Please transcribe only the lines that run from the line bearing "Dit vakantiehuis verwelkomt" to the end of the entries, keeping both end lines. Skip the pictures.

▶ **Supplied records**
# # # #
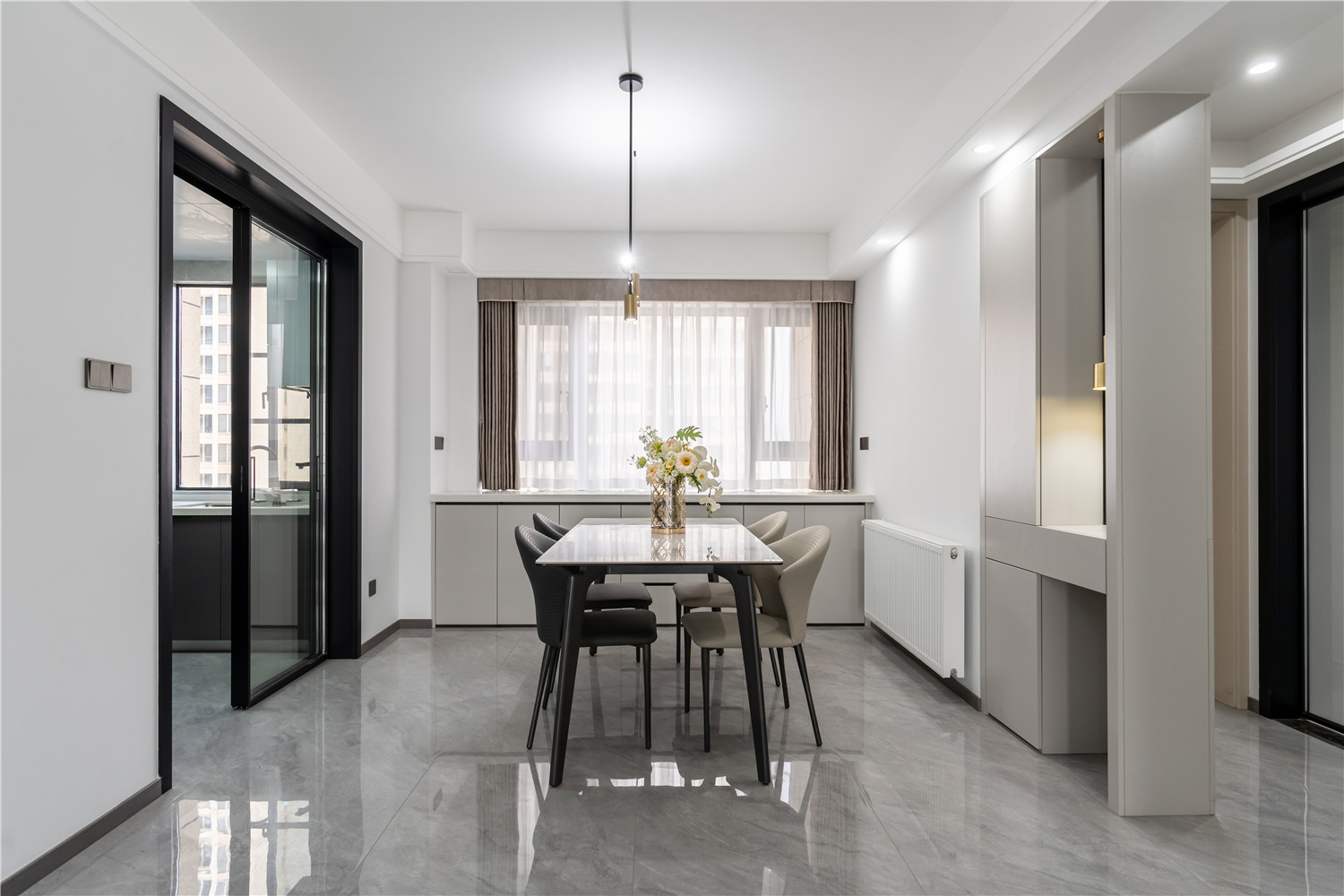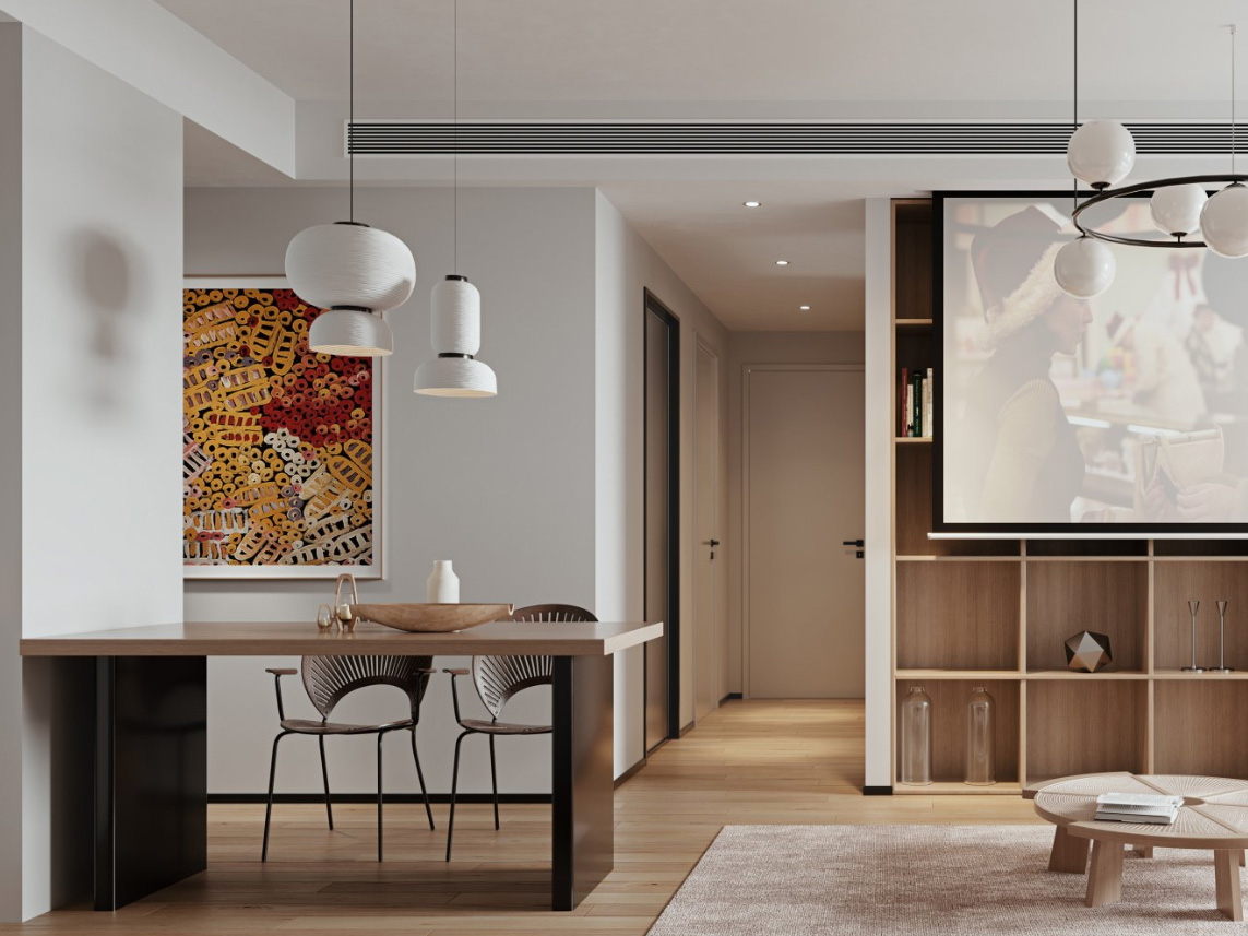 這個(gè)家的餐廳與玄關(guān)區(qū)域巧妙融合,定制玄關(guān)柜與嵌入式餐邊柜緊密相連,冰箱被完美包裹,既體現(xiàn)了空間的連貫性,也為家居生活增添了品質(zhì)感。
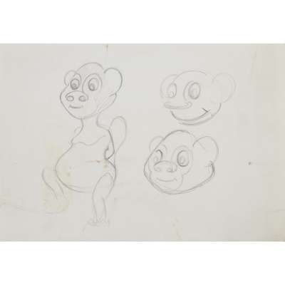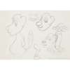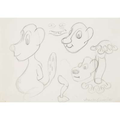 pencil on paper, 18cm x 25.4cm, and four others and a plastic toy figure of Zoonie, 17cm x 8cm x 6cm (6)
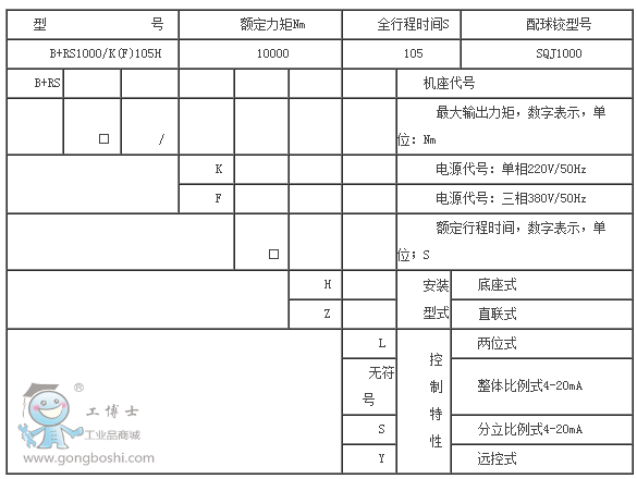 產(chǎn)品名稱:B+RS1000/K(F)105H型電動執(zhí)行機(jī)構(gòu)
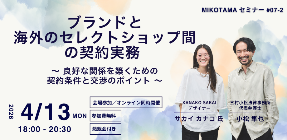 『ブランドと海外のセレクトショップ間の契約実務 ~良好な関係を築くための契約条件と交渉のポイント~』を開催します。
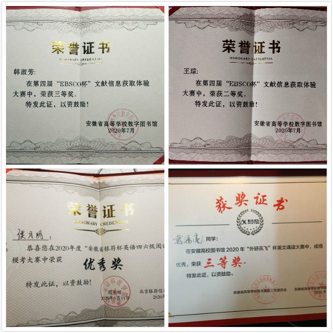 此外,在安徽省高等学校数字图书馆举办的“第四届‘EBSCO杯’文献信息获取体验大赛”中、 “安徽省银符杯英语四六级阅读理解模考大赛”中,我校学子也取得了良好的成绩。获奖名单如下:
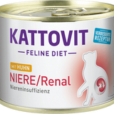 Zur Unterstützung der Nierenfunktion bei chronischer Niereninsuffizienz und zur Verringerung von Oxalsteinbildung. Kattovit Feline Diet - NIERE/Renal wurde speziell entwickelt, um die Katzen mit einem reduzierten Eiweißgehalt zu versorgen, durch die Verwendung von hochwertigem Protein in einer leicht verdaulichen Zusammensetzung. Hohe Eiweißgehalte können sich schädigend auf die Nieren auswirken. Entscheidend ist dabei der Proteingehalt bezogen auf die Energiemenge. Bei Kattovit NIERE/Renal wird, im Gegensatz zu herkömmlichem Futter, nur etwa die Hälfte der Energie durch Eiweiß erbracht. Die Anreicherung mit Kaliumcitrat wirkt harnalkalisierend und kann somit der Oxalat-Kristallbildung vorbeugen (Oxalatprophylaxe). Der Gehalt an Phosphor ist reduziert.
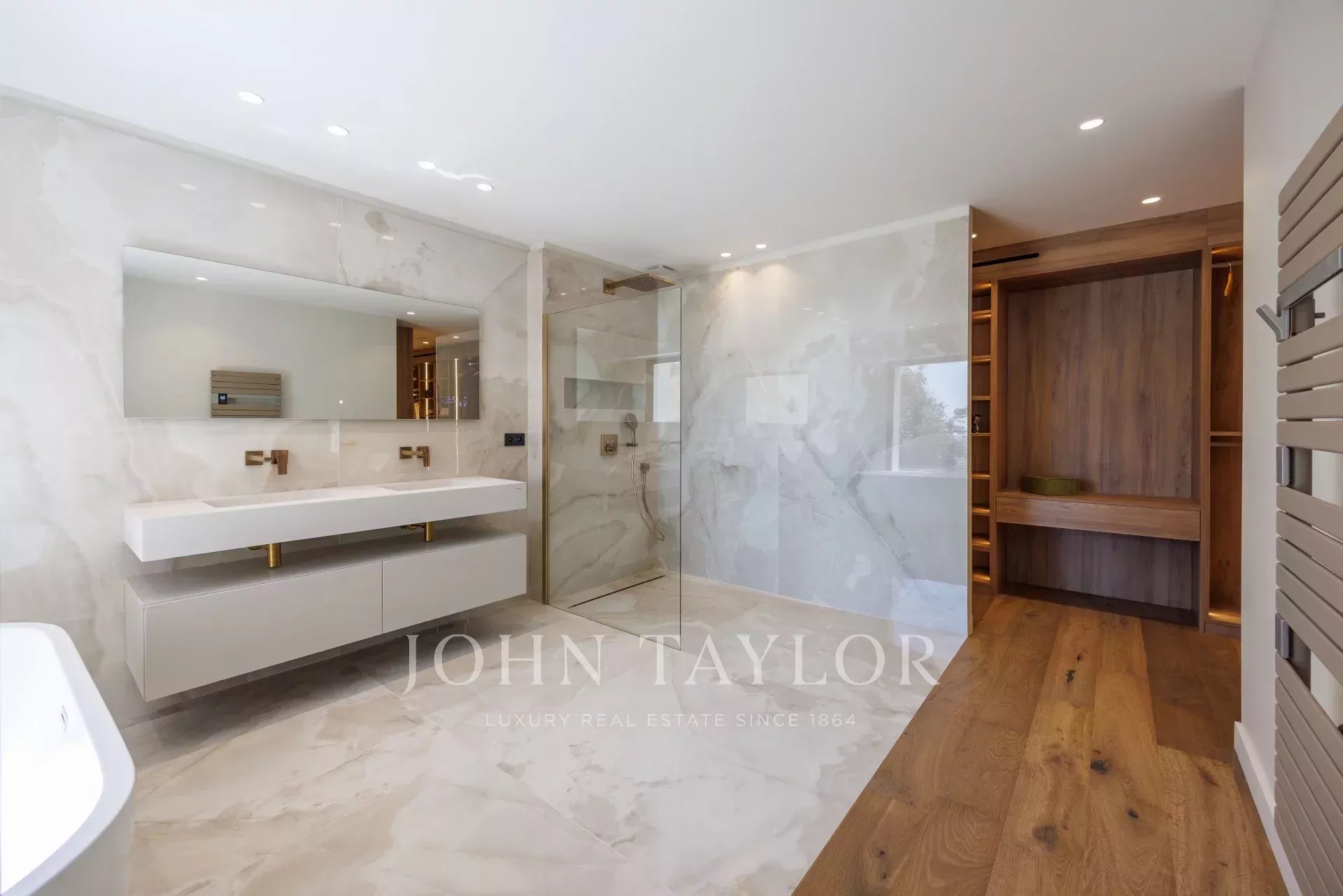 Su un unico livello, comprende un ampio e luminoso soggiorno di 78 m² con camino a gas, un'elegante biblioteca, una spaziosa cucina attrezzata di 47 m² con porte scorrevoli in vetro che si aprono su una terrazza coperta da un pergolato. Un ripostiglio e una superba suite padronale al piano terra completano questo livello, con tutte le aree che beneficiano di un accesso diretto all'esterno.
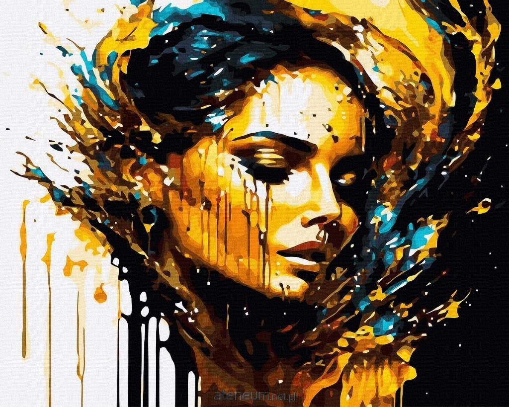 Portret kobiety z rozwianymi włosami, namalowanymi w intensywnych barwach złota, błękitu i brązu. Obraz pełen emocji i ekspresji dla tych, którzy kochają sztukę nowoczesną.
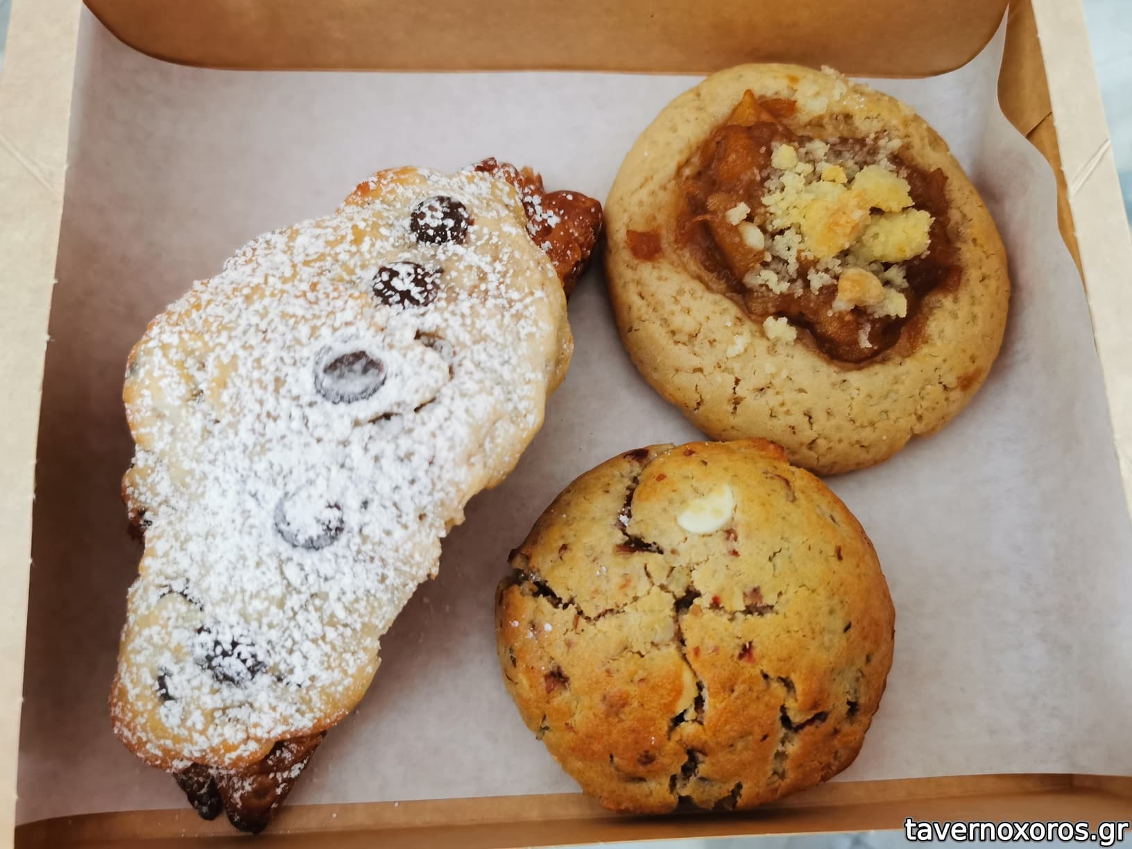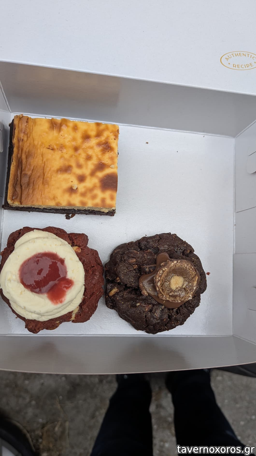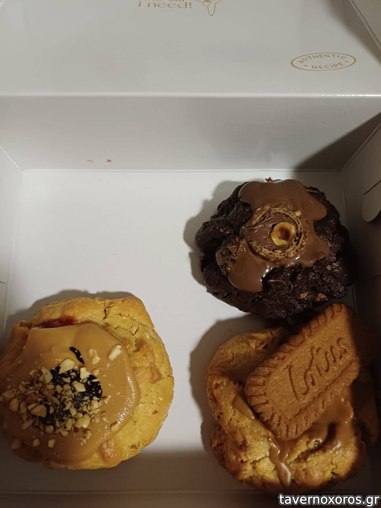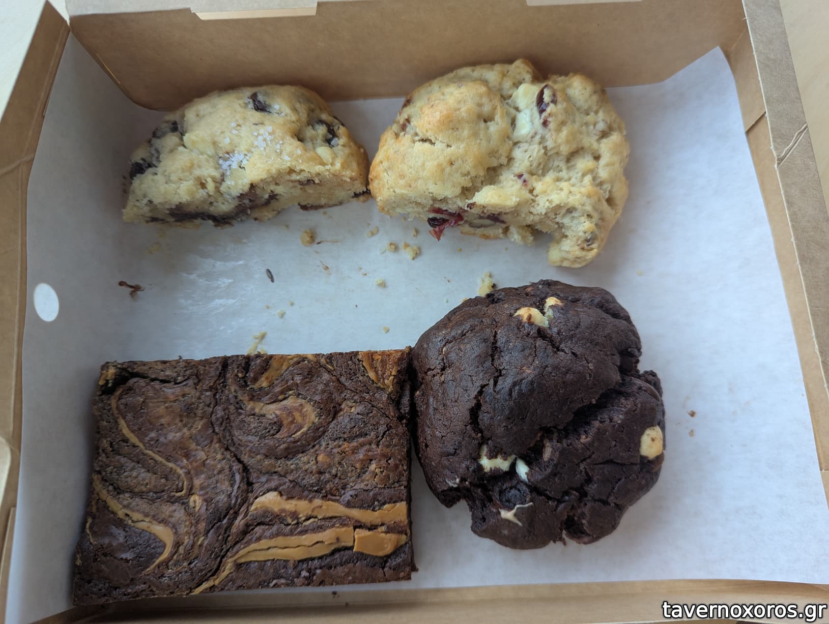 "Triple chocolate & salt" (καλό) & "Lemon zest": raspberry & lemon cookie (πολύ καλό) & Brownie με φυστικοβούτυρο (συγκριτικά με τα υπόλοιπα, με ενθουσίασε λιγότερο) & "Choco trouble" (καλό)
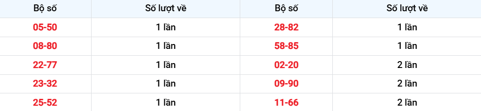 Các cặp lô về ít nhất từ 14-11-2025 đến 20-11-2025
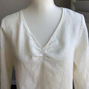 HOT COTTON Top Womens Small Cream 100% Linen Preppy Coastal Beachy Resort Wear
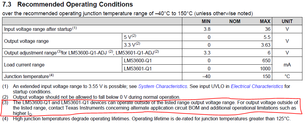 Hi, Our customer consider to use LM53600-Q1. Output voltage is 3.1V. Their condition is outside of the listed range.
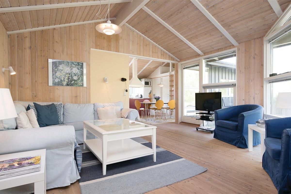 Dit vakantiehuis verwelkomt je op een groot, mooi duingrondstuk met zacht wuivend helmgras in Blokhus. Het samenspel van lichte houten muren, grote ramen, hoge plafonds en een harmonieuze mix van koele kleuren, pasteltinten en warme kleuraccenten creëert niet alleen een lichte en ruime, maar ook een gezellige en uitnodigende sfeer die de zee weerspiegelt. De woonkamer is de natuurlijke ontmoetingsplaats voor het hele gezin. Probeer nieuwe recepten uit in de goed uitgeruste keuken, speel kaart aan de eettafel of geniet 's avonds van een leuke film. Ook wellness wordt niet verwaarloosd, met zowel een whirlpool als een sauna tot je beschikking.
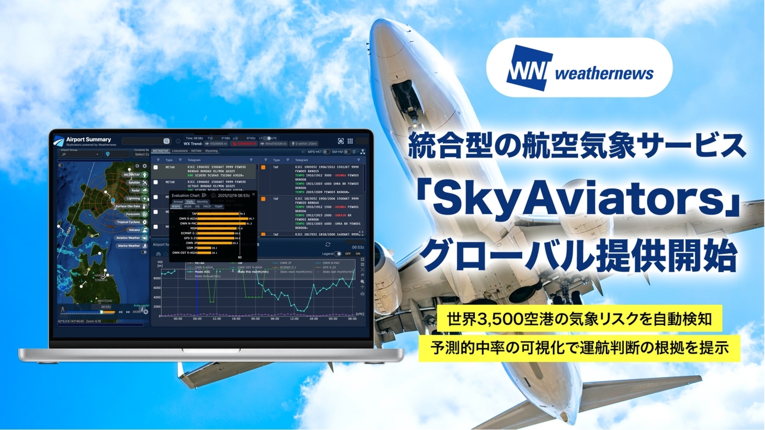 世界3,500空港の気象リスクを自動検知、予測適中率の可視化で運航判断の根拠を提示
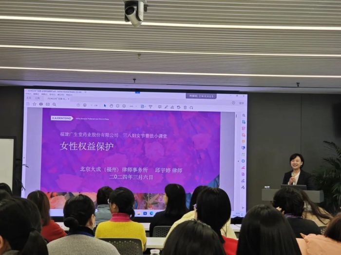 大成福州律師邱宇婷受邀開展“女性權(quán)益保護”三八婦女節(jié)普法小課堂 福州律師資訊發(fā)布者 福州律師網(wǎng)2024年3月8日2024年3月6日,為慶祝即將到來的第114個“三八”國際勞動婦女節(jié),進一步增強女員工的法治觀念和維權(quán)意識,福建廣生堂藥詳情
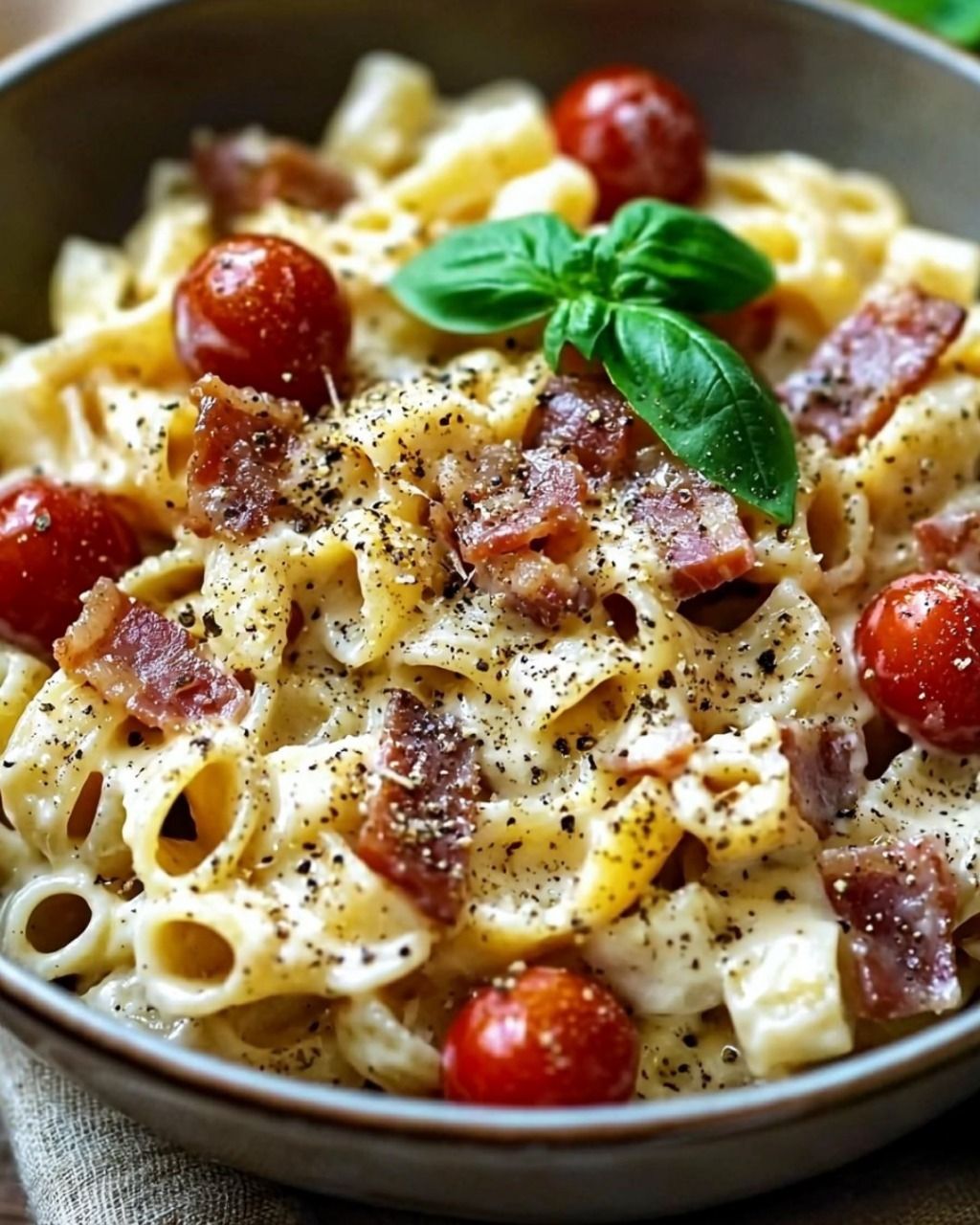 Assiette de pâtes crémeuses au Boursin et lardons, parsemée de persil frais et servie avec des tomates cerises.
# # # #
▶ **Expected answer**
 Dit vakantiehuis verwelkomt je op een groot, mooi duingrondstuk met zacht wuivend helmgras in Blokhus. Het samenspel van lichte houten muren, grote ramen, hoge plafonds en een harmonieuze mix van koele kleuren, pasteltinten en warme kleuraccenten creëert niet alleen een lichte en ruime, maar ook een gezellige en uitnodigende sfeer die de zee weerspiegelt. De woonkamer is de natuurlijke ontmoetingsplaats voor het hele gezin. Probeer nieuwe recepten uit in de goed uitgeruste keuken, speel kaart aan de eettafel of geniet 's avonds van een leuke film. Ook wellness wordt niet verwaarloosd, met zowel een whirlpool als een sauna tot je beschikking.
 世界3,500空港の気象リスクを自動検知、予測適中率の可視化で運航判断の根拠を提示
 大成福州律師邱宇婷受邀開展“女性權(quán)益保護”三八婦女節(jié)普法小課堂 福州律師資訊發(fā)布者 福州律師網(wǎng)2024年3月8日2024年3月6日,為慶祝即將到來的第114個“三八”國際勞動婦女節(jié),進一步增強女員工的法治觀念和維權(quán)意識,福建廣生堂藥詳情
 Assiette de pâtes crémeuses au Boursin et lardons, parsemée de persil frais et servie avec des tomates cerises.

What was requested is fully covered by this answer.